Let me conclude with four brief applications:
- To those who are outsiders to this Gospel: I hope you’ve picked up on something today, that you cannot interpret how things go with you from the circumstances of your life. If things are going badly, but God has pledged to help you, then actually there is this vital stream of health and even joy coursing through your life. On the other hand, if things are turning out well for you, but you aren’t near to God through Jesus and the Gospel, then the outcome of your life will be desolation. So, don’t interpret things by reading the circumstances, but by listening to God’s Word. I or others here would love to start a bible study with you so that you learn God’s word, not as an academic exercise, but as that which sets and explains reality.
- Christian, this river of God’s Presence that runs through your life, don’t attempt to avoid it. Don’t dip your toes in. But plunge in! Be filled with God’s Spirit. What I mainly mean: Dive into the Word. Privately. Publicly, at church. Read books that explain the Bible. Grow in your expertise with the Word. Let the Word dwell richly in you. So that, as Jesus said, you yourself become another rivulet through which the river of God’s Presence courses, making everywhere you are “a place of springs” as the sons of Korah talk about in another psalm (Psalm 84:6). Let me ask this: Fathers, what better thing could you bequeath to your children, than the gift of living alongside someone constantly filled with God’s Spirit?

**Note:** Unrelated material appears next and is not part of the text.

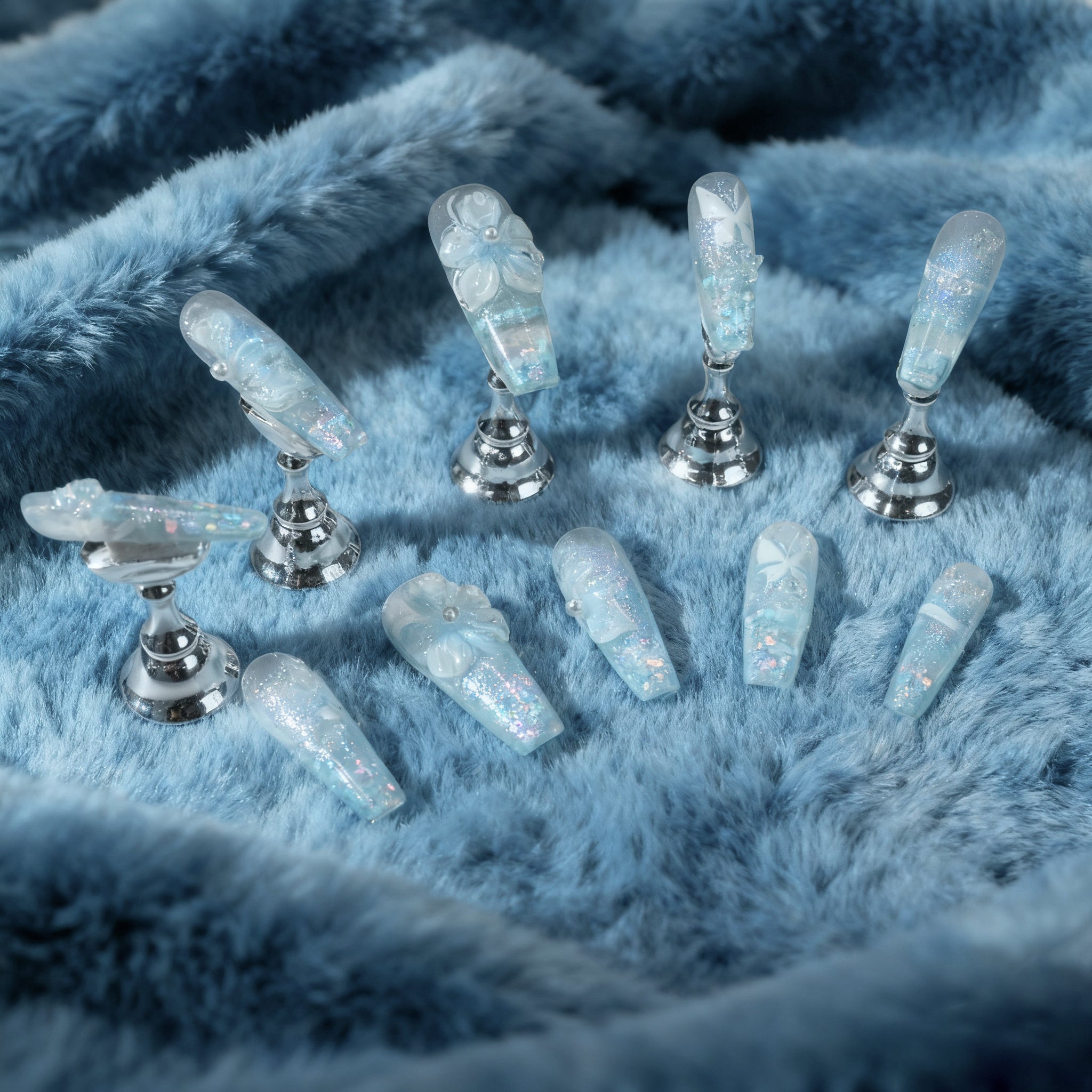 · 3D Floral & Butterfly Motifs + Soft Blue Ombre: Delicate dimensional blossoms and a subtle blue gradient create a look that is both timeless and contemporary—blending French romance with modern sophistication.

- If you’re here today facing some trouble, God is a refuge and strength and fortress. A very present help. A strange thing that we struggle to really believe: God is there especially for the one who is struggling. Remember what we read earlier: once the crowds got to know Jesus and figured out what kind of person he was, they started to bring to him the lame, the blind, the demon possessed, the ignorant. Probably without even articulating it, they just knew that this Man was able and willing to…simply make things better.
God wants to be known as a help. Jesus came to serve. And the Son and the Father sent the Helper into the world.
You who are struggling to pay bills, find a house to live, look for a church to be at home in, get established in a vocation, get physically or mentally healthy, be a good parent, mend a relationship with your son or daughter, stop looking at porn, stop being unproductive – whatever you’re into or you’ve gotten yourself into, God is ready to help.
Do you want help? That is always the first question that has to be answered: Do you want help?
Here’s the only way to correctly answer that question: God, whatever you tell me to do, I’ll do. I just need help. See me after the service or come by the office this week for more direction on this.
- Finally, if you filled with the Spirit of God know of some Christian who needs help, go to them and help. Be the body of Christ, working out His purposes, because you are the body of Christ. A lot of times Christians need help and they stop going to church, they don’t pick up their phone. Go to them!
May each of us, may we as a church, experience this wonderful truth: God is our refuge and strength/ a very present help in trouble.